= Assignment =
The finished copy should hold every entry exactly as given, and no pictures.

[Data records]

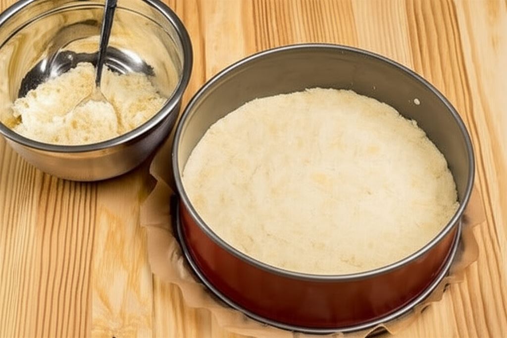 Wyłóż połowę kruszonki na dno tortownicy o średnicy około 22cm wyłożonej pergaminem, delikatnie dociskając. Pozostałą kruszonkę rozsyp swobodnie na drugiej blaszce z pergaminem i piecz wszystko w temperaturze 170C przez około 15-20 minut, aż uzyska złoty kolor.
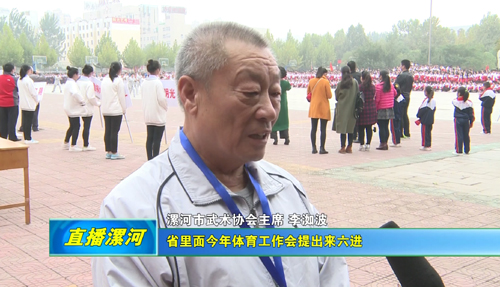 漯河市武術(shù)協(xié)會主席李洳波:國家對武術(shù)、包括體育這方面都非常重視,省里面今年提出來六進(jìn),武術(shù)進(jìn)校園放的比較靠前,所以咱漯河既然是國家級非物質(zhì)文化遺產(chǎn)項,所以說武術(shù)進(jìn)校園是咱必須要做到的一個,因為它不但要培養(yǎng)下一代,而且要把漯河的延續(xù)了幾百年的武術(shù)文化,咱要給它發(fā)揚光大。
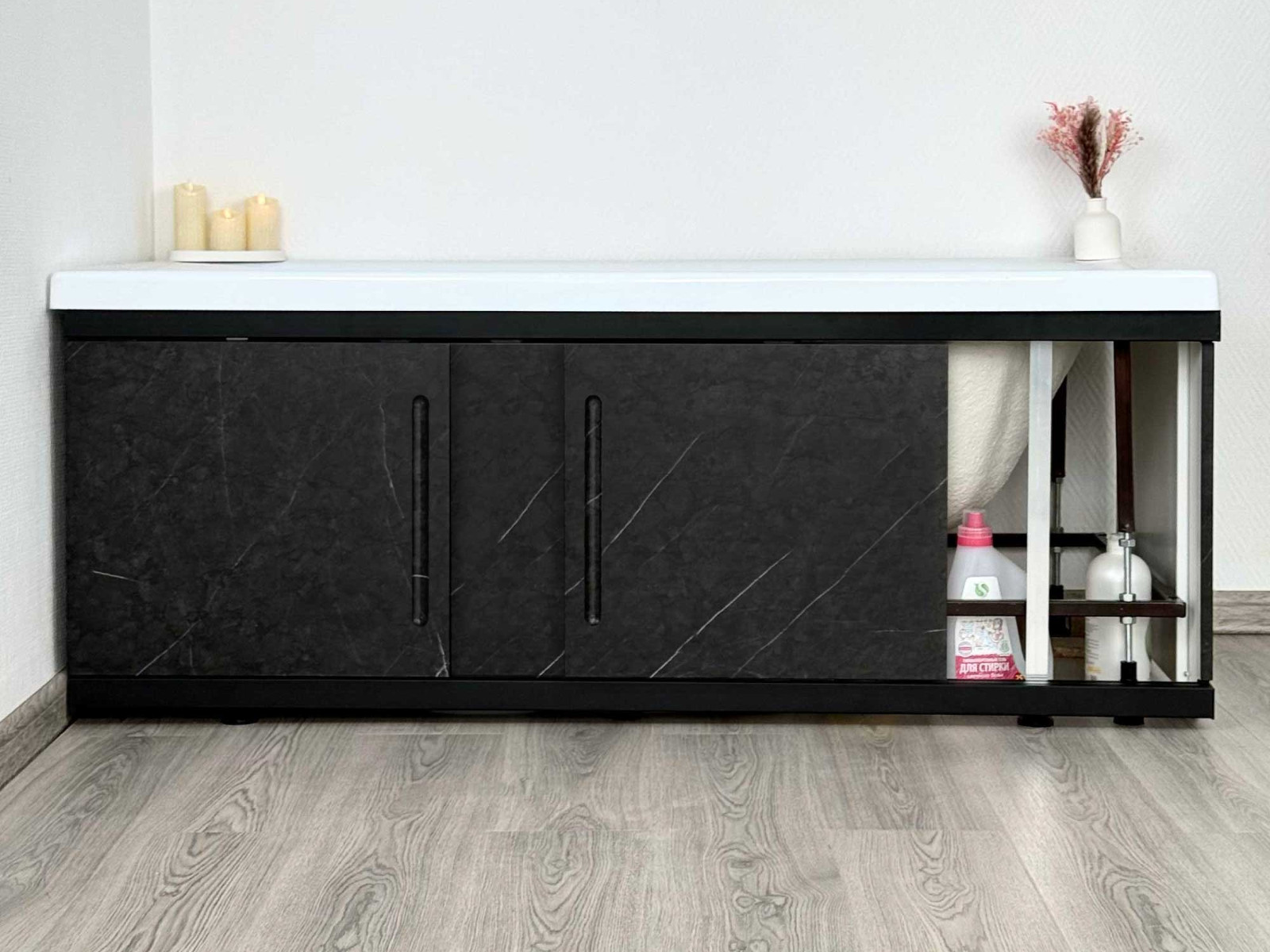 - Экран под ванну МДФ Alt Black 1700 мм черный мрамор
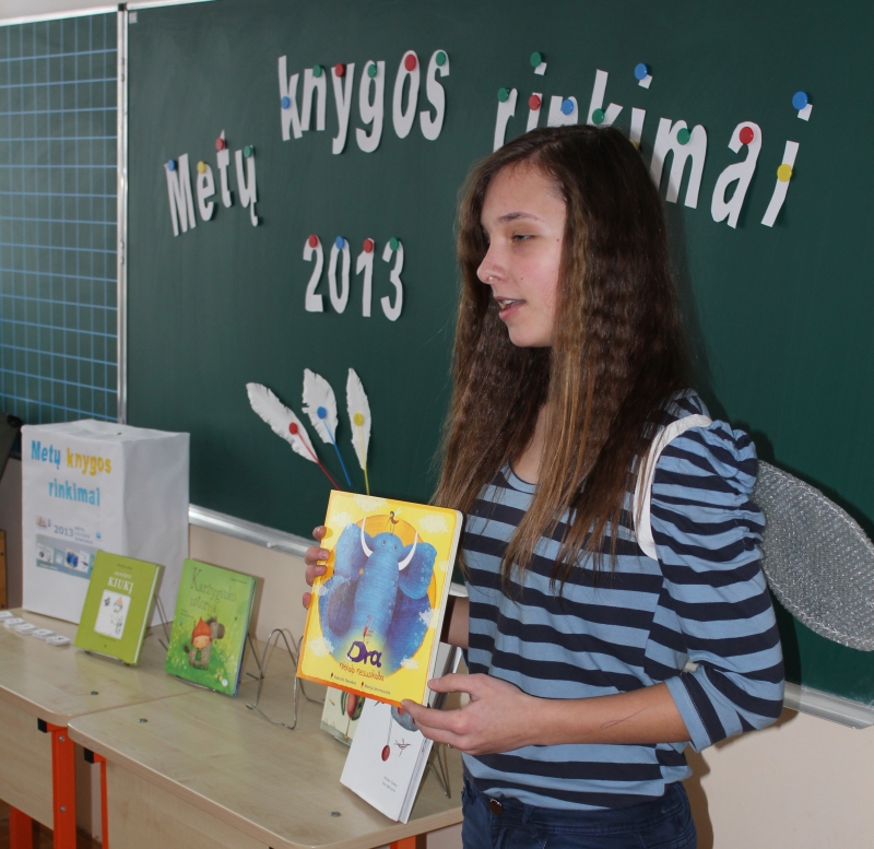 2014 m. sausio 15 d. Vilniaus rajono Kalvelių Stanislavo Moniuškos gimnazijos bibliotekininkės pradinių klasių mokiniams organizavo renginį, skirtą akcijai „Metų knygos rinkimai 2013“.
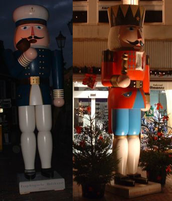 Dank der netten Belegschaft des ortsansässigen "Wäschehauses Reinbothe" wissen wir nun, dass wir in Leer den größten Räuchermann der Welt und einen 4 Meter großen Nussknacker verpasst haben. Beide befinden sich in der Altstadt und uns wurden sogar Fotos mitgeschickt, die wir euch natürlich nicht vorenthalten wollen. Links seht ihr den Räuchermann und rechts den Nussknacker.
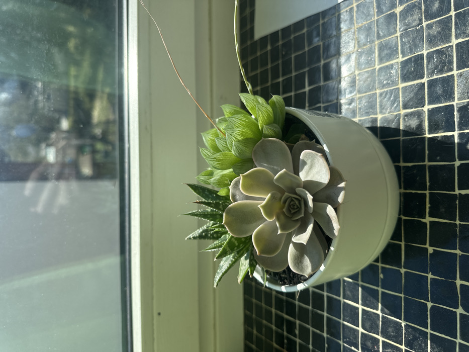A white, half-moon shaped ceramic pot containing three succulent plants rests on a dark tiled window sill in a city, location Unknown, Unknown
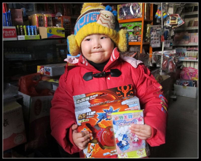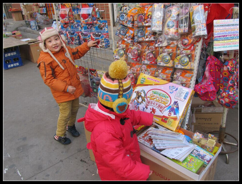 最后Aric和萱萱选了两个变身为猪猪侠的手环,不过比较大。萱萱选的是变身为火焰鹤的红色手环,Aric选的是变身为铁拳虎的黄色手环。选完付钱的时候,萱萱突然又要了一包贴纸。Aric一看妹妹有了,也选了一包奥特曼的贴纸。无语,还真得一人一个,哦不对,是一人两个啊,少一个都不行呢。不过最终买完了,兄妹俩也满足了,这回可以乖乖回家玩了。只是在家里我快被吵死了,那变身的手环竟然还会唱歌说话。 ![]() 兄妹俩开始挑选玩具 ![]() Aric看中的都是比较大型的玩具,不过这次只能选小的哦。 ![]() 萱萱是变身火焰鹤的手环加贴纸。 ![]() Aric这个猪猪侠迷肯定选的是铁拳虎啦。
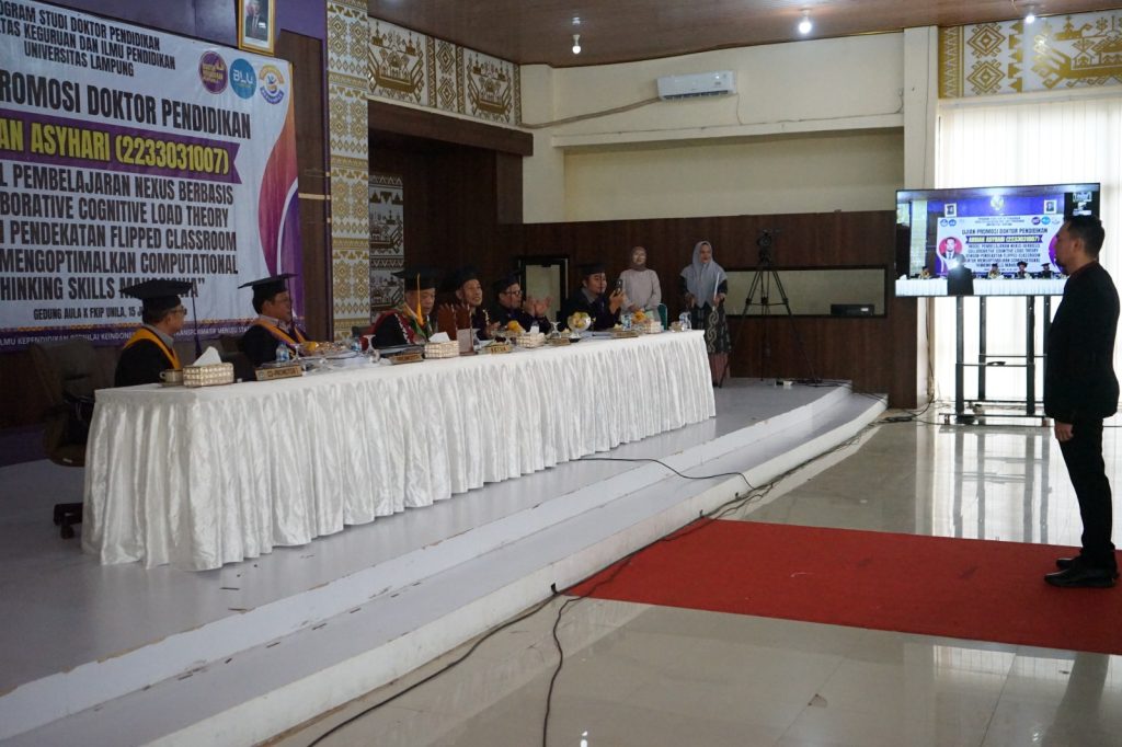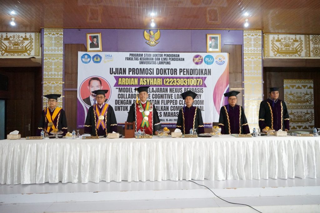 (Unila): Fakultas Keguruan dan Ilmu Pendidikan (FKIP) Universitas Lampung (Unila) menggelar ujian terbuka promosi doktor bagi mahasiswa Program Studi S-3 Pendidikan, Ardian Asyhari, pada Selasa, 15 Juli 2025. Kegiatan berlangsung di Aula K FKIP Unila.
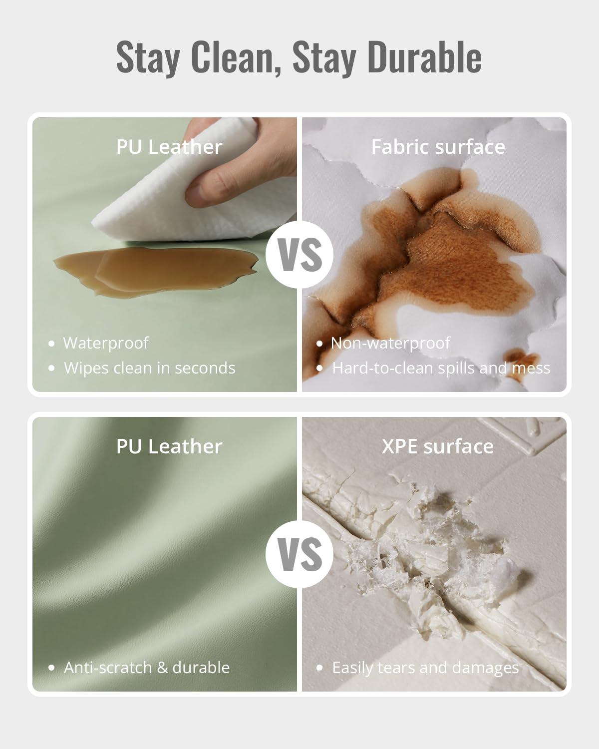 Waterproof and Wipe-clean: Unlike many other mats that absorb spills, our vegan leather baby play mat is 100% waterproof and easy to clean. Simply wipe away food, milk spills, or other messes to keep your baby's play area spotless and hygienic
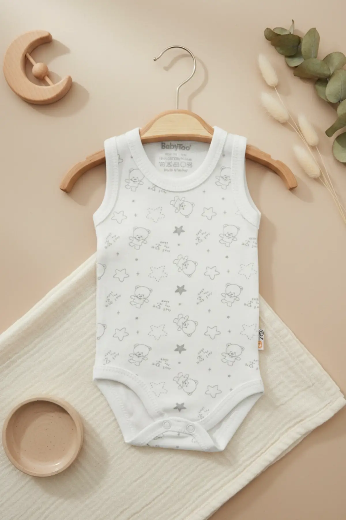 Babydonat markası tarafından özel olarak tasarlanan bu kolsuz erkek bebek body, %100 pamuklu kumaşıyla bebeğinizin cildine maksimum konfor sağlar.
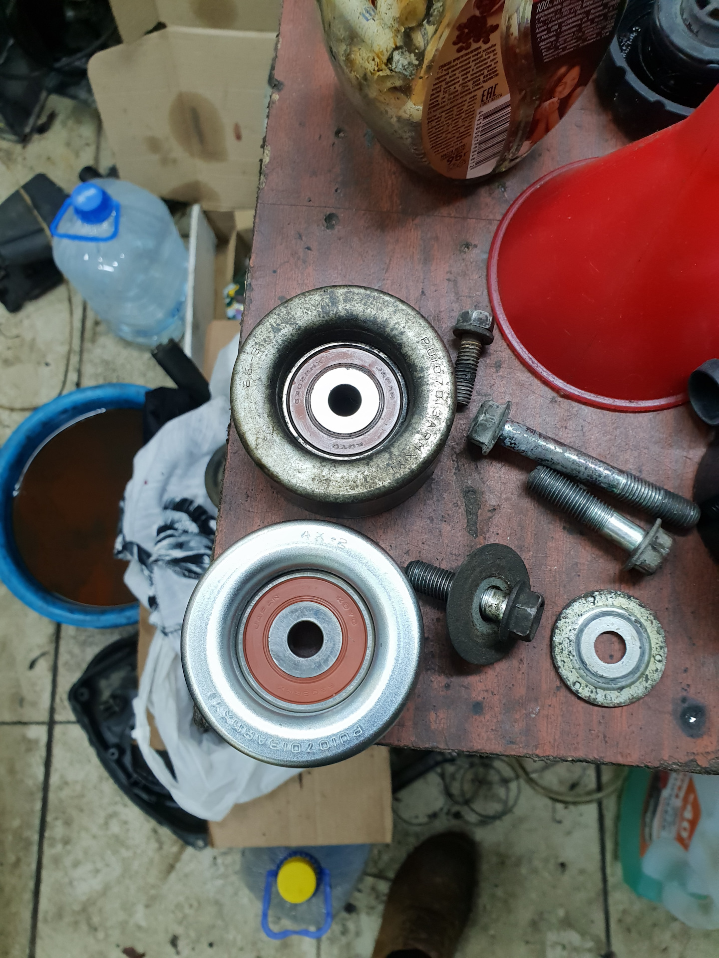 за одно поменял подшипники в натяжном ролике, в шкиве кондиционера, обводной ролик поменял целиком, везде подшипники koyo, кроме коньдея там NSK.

= Exercise answer =
 Wyłóż połowę kruszonki na dno tortownicy o średnicy około 22cm wyłożonej pergaminem, delikatnie dociskając. Pozostałą kruszonkę rozsyp swobodnie na drugiej blaszce z pergaminem i piecz wszystko w temperaturze 170C przez około 15-20 minut, aż uzyska złoty kolor.
 漯河市武術(shù)協(xié)會主席李洳波:國家對武術(shù)、包括體育這方面都非常重視,省里面今年提出來六進(jìn),武術(shù)進(jìn)校園放的比較靠前,所以咱漯河既然是國家級非物質(zhì)文化遺產(chǎn)項,所以說武術(shù)進(jìn)校園是咱必須要做到的一個,因為它不但要培養(yǎng)下一代,而且要把漯河的延續(xù)了幾百年的武術(shù)文化,咱要給它發(fā)揚光大。
 - Экран под ванну МДФ Alt Black 1700 мм черный мрамор
 2014 m. sausio 15 d. Vilniaus rajono Kalvelių Stanislavo Moniuškos gimnazijos bibliotekininkės pradinių klasių mokiniams organizavo renginį, skirtą akcijai „Metų knygos rinkimai 2013“.
 Dank der netten Belegschaft des ortsansässigen "Wäschehauses Reinbothe" wissen wir nun, dass wir in Leer den größten Räuchermann der Welt und einen 4 Meter großen Nussknacker verpasst haben. Beide befinden sich in der Altstadt und uns wurden sogar Fotos mitgeschickt, die wir euch natürlich nicht vorenthalten wollen. Links seht ihr den Räuchermann und rechts den Nussknacker.
A white, half-moon shaped ceramic pot containing three succulent plants rests on a dark tiled window sill in a city, location Unknown, Unknown
 最后Aric和萱萱选了两个变身为猪猪侠的手环,不过比较大。萱萱选的是变身为火焰鹤的红色手环,Aric选的是变身为铁拳虎的黄色手环。选完付钱的时候,萱萱突然又要了一包贴纸。Aric一看妹妹有了,也选了一包奥特曼的贴纸。无语,还真得一人一个,哦不对,是一人两个啊,少一个都不行呢。不过最终买完了,兄妹俩也满足了,这回可以乖乖回家玩了。只是在家里我快被吵死了,那变身的手环竟然还会唱歌说话。 ![]() 兄妹俩开始挑选玩具 ![]() Aric看中的都是比较大型的玩具,不过这次只能选小的哦。 ![]() 萱萱是变身火焰鹤的手环加贴纸。 ![]() Aric这个猪猪侠迷肯定选的是铁拳虎啦。
 (Unila): Fakultas Keguruan dan Ilmu Pendidikan (FKIP) Universitas Lampung (Unila) menggelar ujian terbuka promosi doktor bagi mahasiswa Program Studi S-3 Pendidikan, Ardian Asyhari, pada Selasa, 15 Juli 2025. Kegiatan berlangsung di Aula K FKIP Unila.
 Waterproof and Wipe-clean: Unlike many other mats that absorb spills, our vegan leather baby play mat is 100% waterproof and easy to clean. Simply wipe away food, milk spills, or other messes to keep your baby's play area spotless and hygienic
 Babydonat markası tarafından özel olarak tasarlanan bu kolsuz erkek bebek body, %100 pamuklu kumaşıyla bebeğinizin cildine maksimum konfor sağlar.
 за одно поменял подшипники в натяжном ролике, в шкиве кондиционера, обводной ролик поменял целиком, везде подшипники koyo, кроме коньдея там NSK.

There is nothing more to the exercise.